| YOUR TASK |
Print the records below exactly, starting at the first line and stopping after the line that contains "Тактичні чоловічі штани". Leave out any pictures.
-.-.-
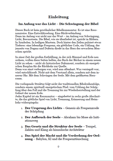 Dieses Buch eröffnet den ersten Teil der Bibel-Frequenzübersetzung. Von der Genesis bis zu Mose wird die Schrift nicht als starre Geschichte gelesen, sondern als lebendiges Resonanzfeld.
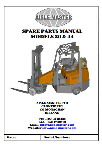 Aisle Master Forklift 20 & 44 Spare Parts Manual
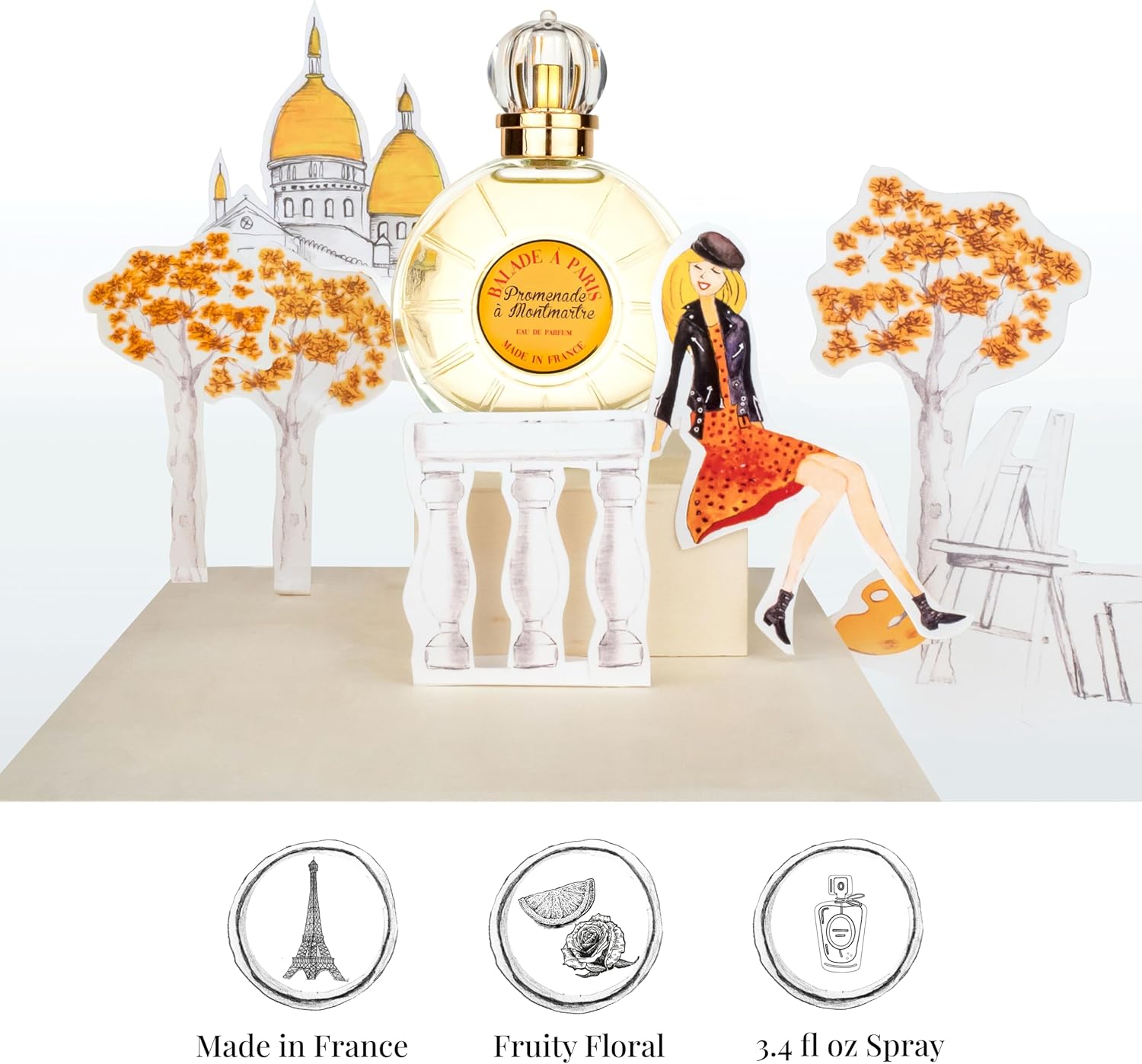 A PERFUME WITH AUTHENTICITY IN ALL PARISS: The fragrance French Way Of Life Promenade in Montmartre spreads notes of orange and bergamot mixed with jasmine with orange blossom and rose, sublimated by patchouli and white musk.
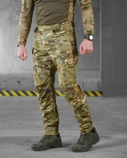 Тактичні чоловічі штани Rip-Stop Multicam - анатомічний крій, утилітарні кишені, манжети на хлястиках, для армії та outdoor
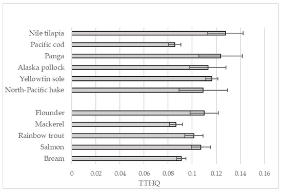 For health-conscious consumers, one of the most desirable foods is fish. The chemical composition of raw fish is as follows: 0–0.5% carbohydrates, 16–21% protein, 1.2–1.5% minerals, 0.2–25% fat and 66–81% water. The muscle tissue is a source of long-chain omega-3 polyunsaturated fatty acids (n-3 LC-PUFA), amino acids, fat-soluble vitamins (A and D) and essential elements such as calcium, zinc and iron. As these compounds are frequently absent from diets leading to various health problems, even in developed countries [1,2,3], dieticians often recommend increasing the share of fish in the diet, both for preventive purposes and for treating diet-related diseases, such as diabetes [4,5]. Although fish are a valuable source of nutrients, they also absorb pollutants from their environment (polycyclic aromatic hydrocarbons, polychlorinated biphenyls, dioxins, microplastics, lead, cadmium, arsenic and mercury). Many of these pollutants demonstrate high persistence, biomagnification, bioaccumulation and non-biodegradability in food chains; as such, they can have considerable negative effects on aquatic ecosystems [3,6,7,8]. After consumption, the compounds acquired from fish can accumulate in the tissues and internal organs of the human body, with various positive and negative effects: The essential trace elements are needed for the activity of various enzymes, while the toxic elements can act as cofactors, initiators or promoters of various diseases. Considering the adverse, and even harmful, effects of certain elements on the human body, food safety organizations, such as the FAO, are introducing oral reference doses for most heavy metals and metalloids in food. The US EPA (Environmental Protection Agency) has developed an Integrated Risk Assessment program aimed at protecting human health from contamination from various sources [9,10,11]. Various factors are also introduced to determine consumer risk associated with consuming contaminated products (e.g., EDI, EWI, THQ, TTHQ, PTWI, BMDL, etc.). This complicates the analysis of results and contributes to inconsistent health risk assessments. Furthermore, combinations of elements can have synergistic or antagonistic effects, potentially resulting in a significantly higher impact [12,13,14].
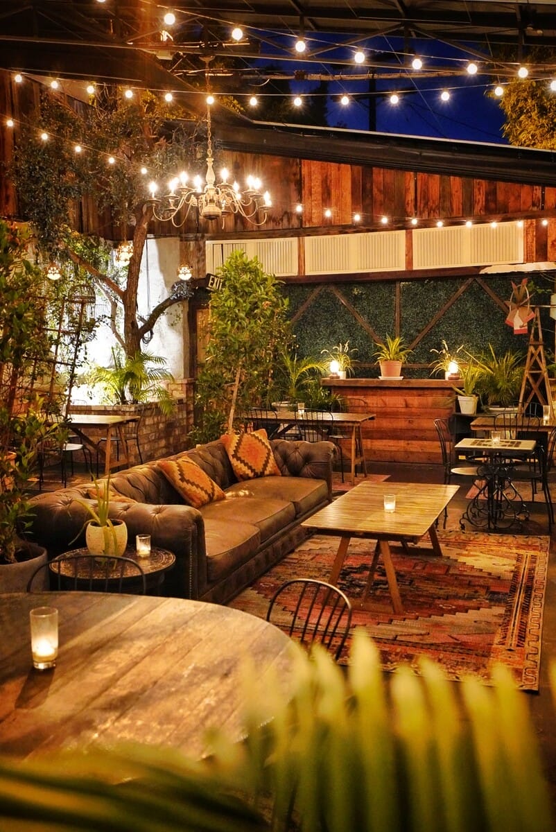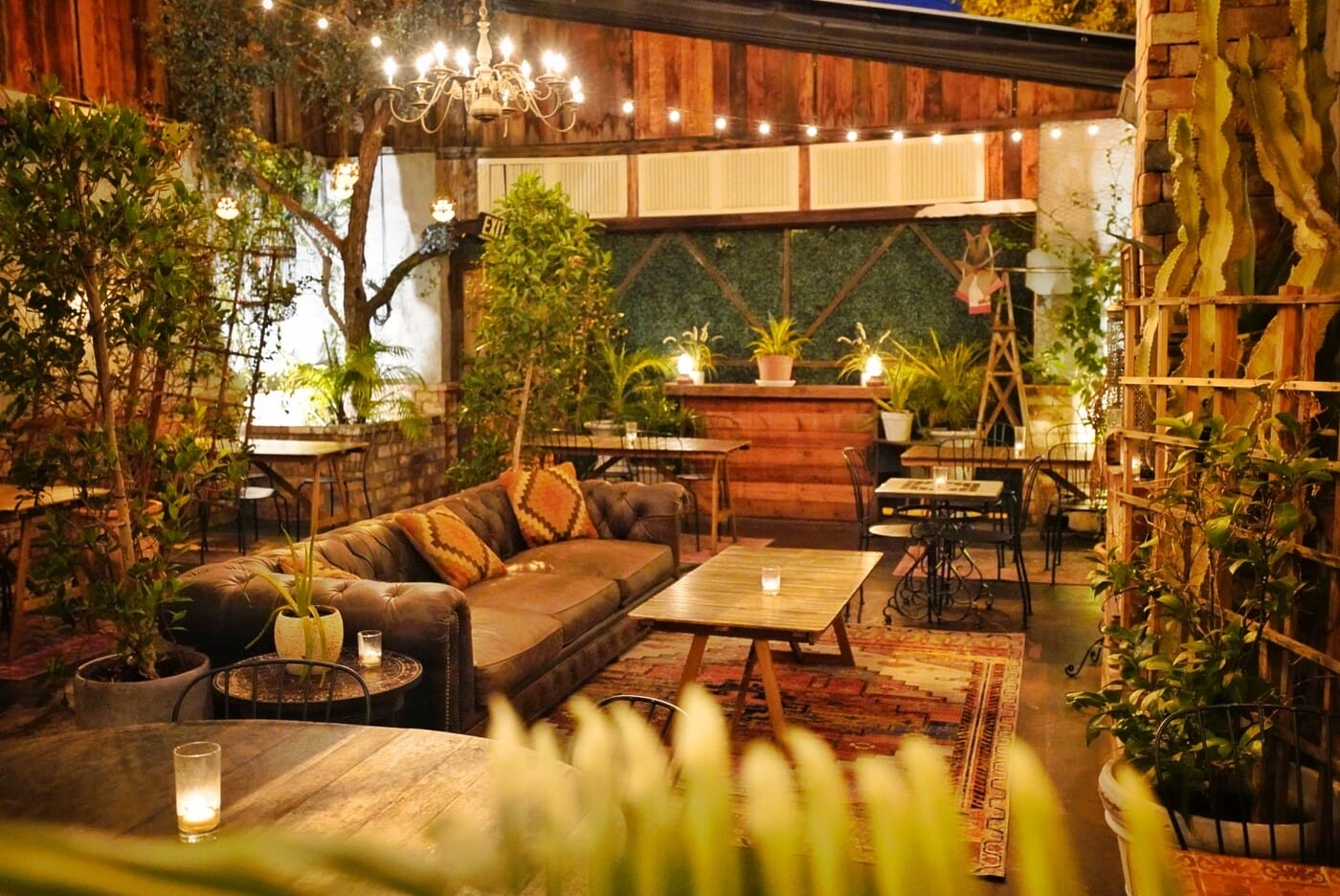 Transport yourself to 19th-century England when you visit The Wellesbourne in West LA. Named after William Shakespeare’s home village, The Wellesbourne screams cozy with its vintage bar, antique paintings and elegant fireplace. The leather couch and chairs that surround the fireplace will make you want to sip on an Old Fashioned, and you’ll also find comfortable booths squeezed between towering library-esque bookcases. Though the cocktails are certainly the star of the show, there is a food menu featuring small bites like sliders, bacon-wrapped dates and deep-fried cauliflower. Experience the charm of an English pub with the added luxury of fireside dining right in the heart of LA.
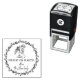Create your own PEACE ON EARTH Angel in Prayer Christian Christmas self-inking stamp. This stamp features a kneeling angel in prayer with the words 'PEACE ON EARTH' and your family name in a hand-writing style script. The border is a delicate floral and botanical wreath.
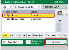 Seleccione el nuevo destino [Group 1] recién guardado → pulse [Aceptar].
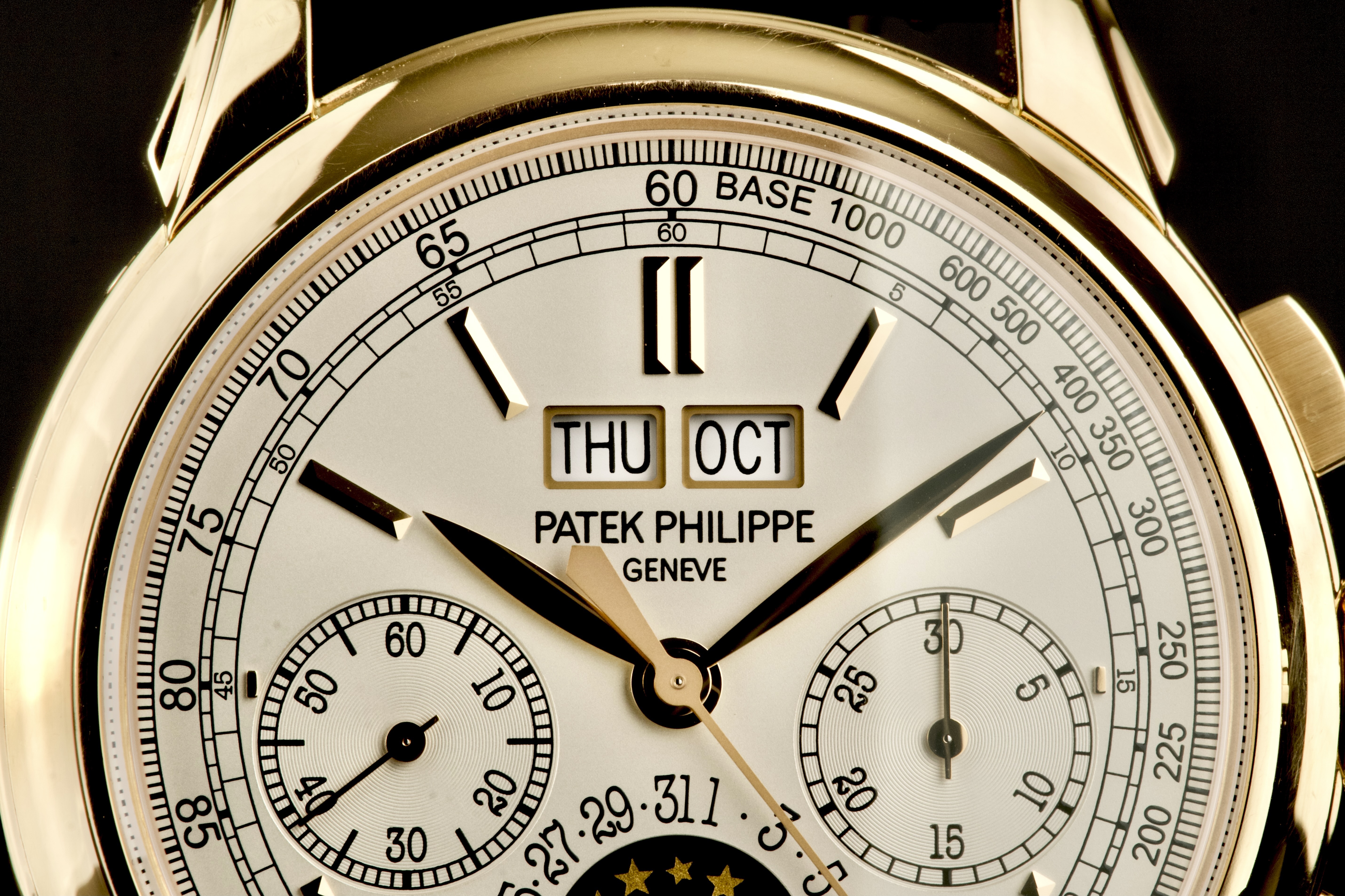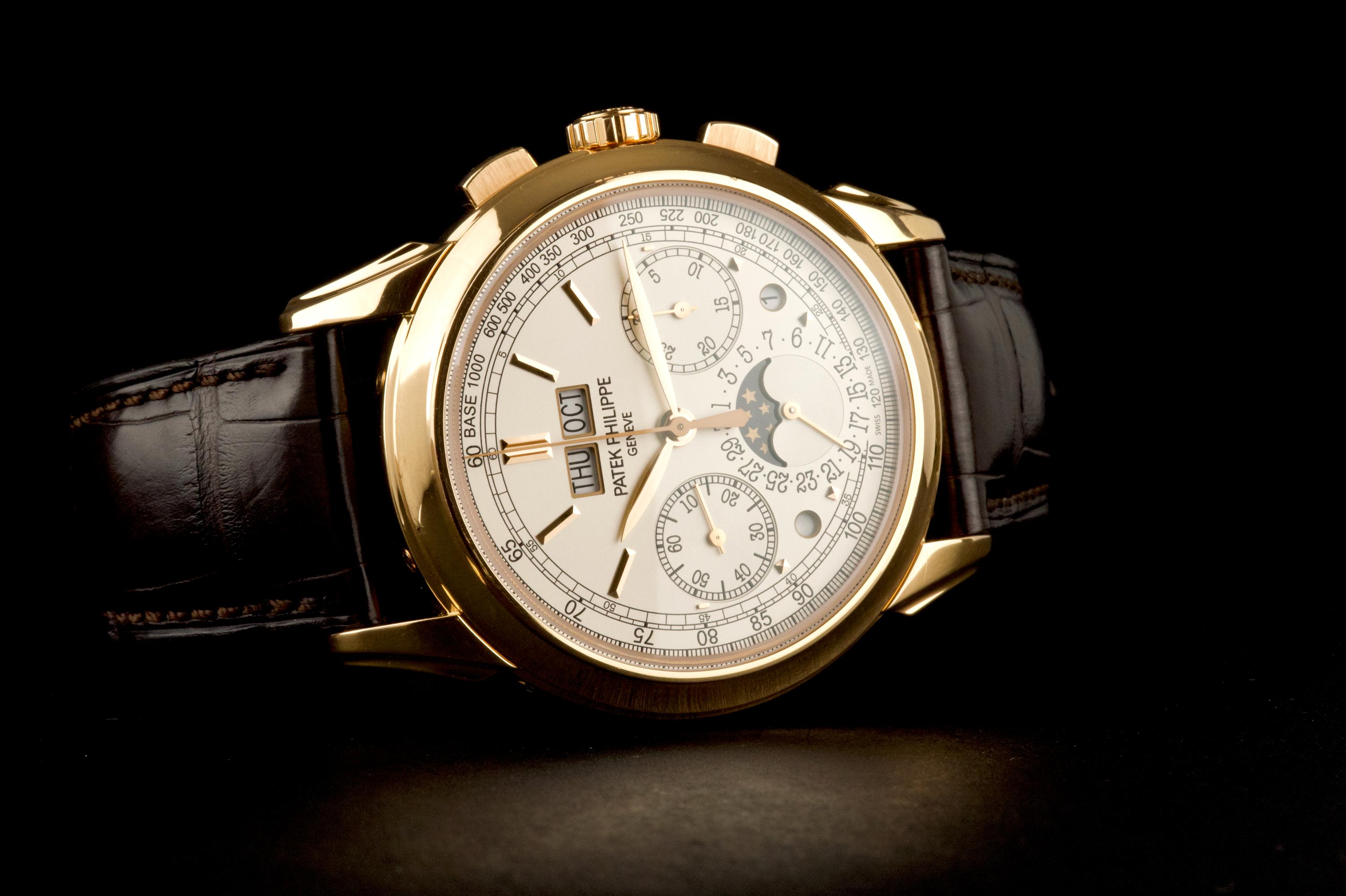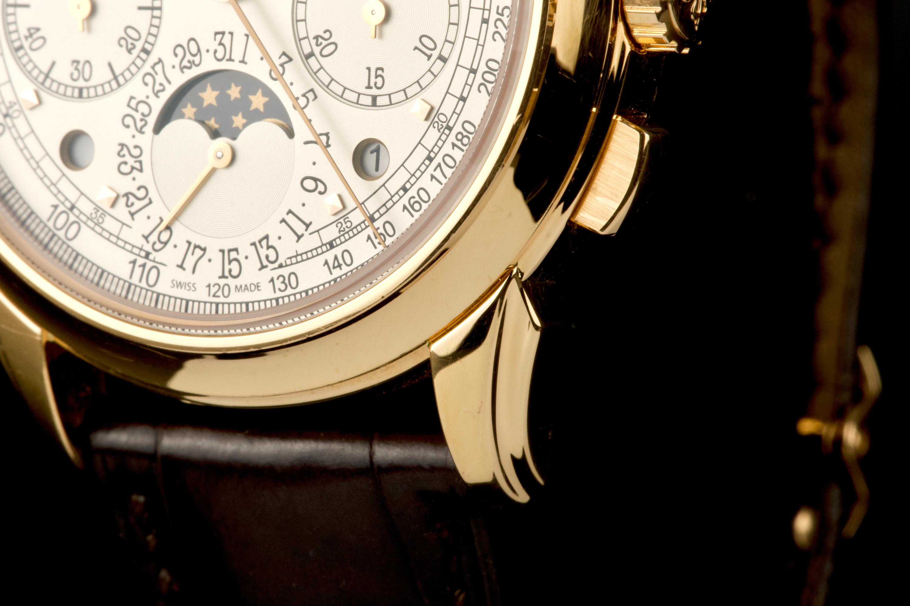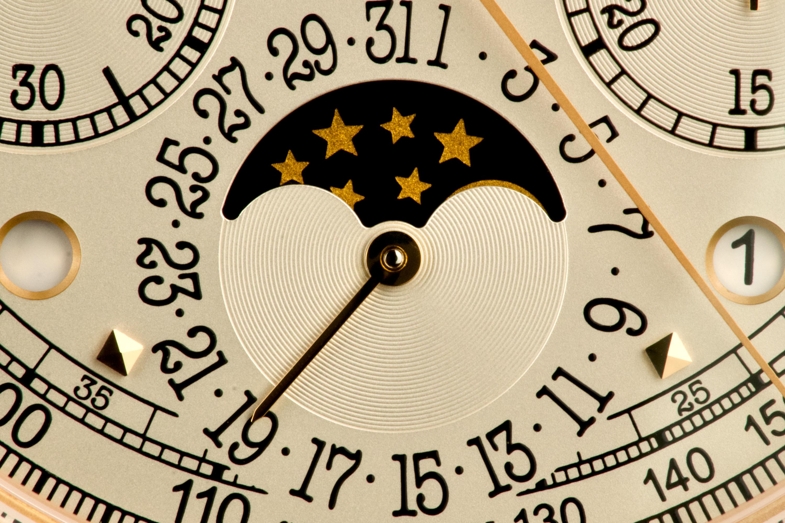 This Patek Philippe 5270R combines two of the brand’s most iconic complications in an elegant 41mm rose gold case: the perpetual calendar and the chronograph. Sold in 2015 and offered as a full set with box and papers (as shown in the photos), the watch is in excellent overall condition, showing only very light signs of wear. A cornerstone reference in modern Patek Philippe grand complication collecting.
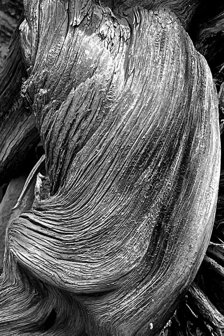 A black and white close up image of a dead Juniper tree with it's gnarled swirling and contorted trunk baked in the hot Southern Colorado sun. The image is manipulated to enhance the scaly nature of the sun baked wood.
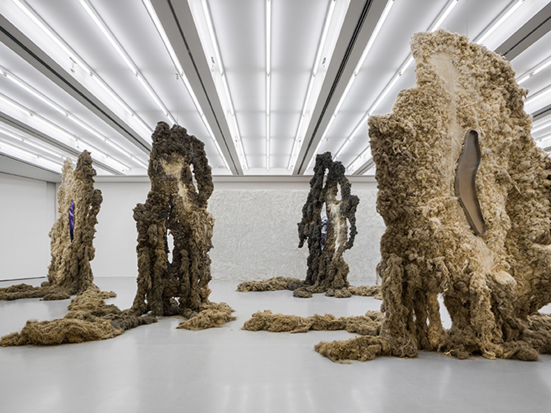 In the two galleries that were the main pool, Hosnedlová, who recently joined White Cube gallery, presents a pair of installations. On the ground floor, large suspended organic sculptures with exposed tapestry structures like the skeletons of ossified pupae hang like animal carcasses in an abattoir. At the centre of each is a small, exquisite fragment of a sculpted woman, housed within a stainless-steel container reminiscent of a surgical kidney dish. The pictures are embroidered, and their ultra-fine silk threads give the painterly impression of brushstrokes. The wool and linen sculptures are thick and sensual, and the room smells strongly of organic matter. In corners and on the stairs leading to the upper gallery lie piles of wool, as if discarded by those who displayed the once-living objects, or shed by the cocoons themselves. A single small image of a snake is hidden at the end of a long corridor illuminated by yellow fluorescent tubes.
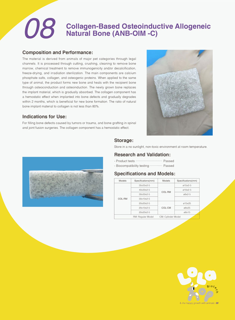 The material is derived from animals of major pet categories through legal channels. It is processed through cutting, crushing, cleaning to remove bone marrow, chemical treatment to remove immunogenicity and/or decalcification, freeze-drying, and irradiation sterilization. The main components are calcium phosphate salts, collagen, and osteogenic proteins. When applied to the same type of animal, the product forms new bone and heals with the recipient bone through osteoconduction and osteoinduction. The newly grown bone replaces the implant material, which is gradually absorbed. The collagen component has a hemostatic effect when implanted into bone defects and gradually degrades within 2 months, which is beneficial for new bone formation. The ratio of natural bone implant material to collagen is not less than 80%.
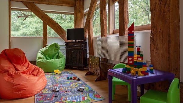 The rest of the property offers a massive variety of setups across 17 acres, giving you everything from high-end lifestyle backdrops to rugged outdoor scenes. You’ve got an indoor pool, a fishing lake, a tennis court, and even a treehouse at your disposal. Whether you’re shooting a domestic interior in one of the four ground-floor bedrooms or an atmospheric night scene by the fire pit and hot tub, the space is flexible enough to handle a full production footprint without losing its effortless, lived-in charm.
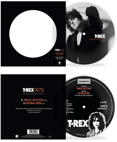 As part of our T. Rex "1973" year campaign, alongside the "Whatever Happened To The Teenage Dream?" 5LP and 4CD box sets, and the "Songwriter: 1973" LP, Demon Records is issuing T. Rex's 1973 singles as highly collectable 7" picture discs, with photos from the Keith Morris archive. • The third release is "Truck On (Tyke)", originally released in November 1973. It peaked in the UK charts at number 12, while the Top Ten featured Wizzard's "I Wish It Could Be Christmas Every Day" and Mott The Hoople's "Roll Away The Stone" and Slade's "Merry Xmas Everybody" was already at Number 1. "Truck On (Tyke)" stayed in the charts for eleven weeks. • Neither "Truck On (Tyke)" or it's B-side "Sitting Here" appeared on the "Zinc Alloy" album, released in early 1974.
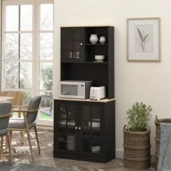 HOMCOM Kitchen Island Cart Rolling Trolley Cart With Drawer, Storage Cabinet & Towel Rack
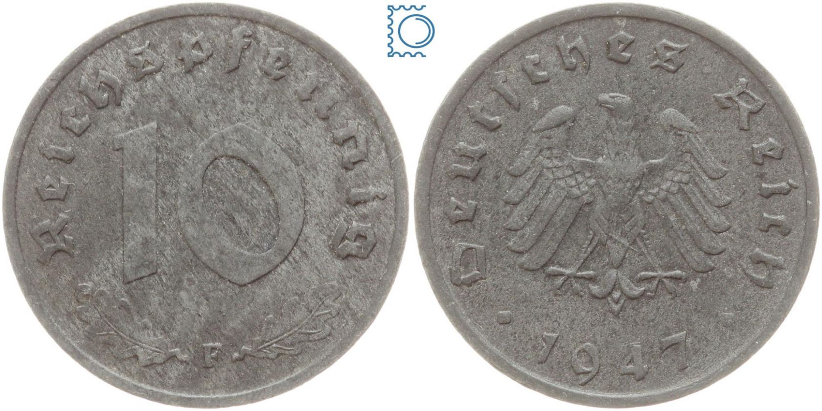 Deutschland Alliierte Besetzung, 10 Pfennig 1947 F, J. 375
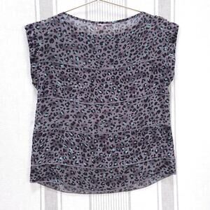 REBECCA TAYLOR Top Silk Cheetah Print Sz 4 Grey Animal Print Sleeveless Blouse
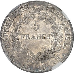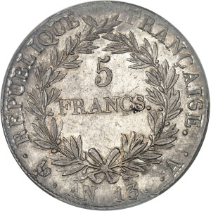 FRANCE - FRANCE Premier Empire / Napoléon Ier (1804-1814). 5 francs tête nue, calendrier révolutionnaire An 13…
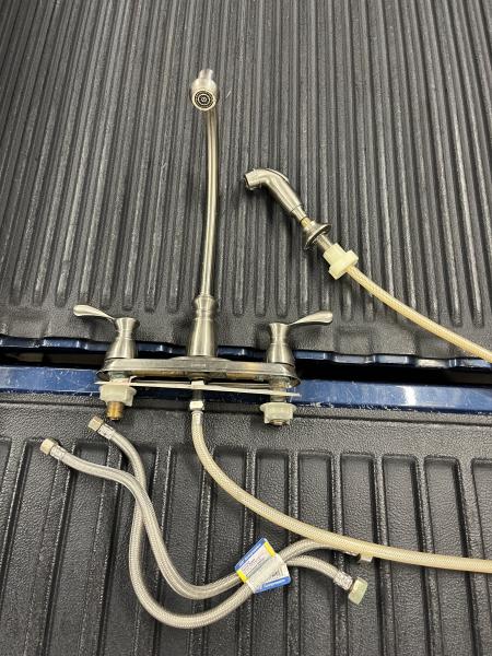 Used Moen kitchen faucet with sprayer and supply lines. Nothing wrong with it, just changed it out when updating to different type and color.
-.-.-
| RESPONSE BELOW |
 Dieses Buch eröffnet den ersten Teil der Bibel-Frequenzübersetzung. Von der Genesis bis zu Mose wird die Schrift nicht als starre Geschichte gelesen, sondern als lebendiges Resonanzfeld.
 Aisle Master Forklift 20 & 44 Spare Parts Manual
 A PERFUME WITH AUTHENTICITY IN ALL PARISS: The fragrance French Way Of Life Promenade in Montmartre spreads notes of orange and bergamot mixed with jasmine with orange blossom and rose, sublimated by patchouli and white musk.
 Тактичні чоловічі штани Rip-Stop Multicam - анатомічний крій, утилітарні кишені, манжети на хлястиках, для армії та outdoor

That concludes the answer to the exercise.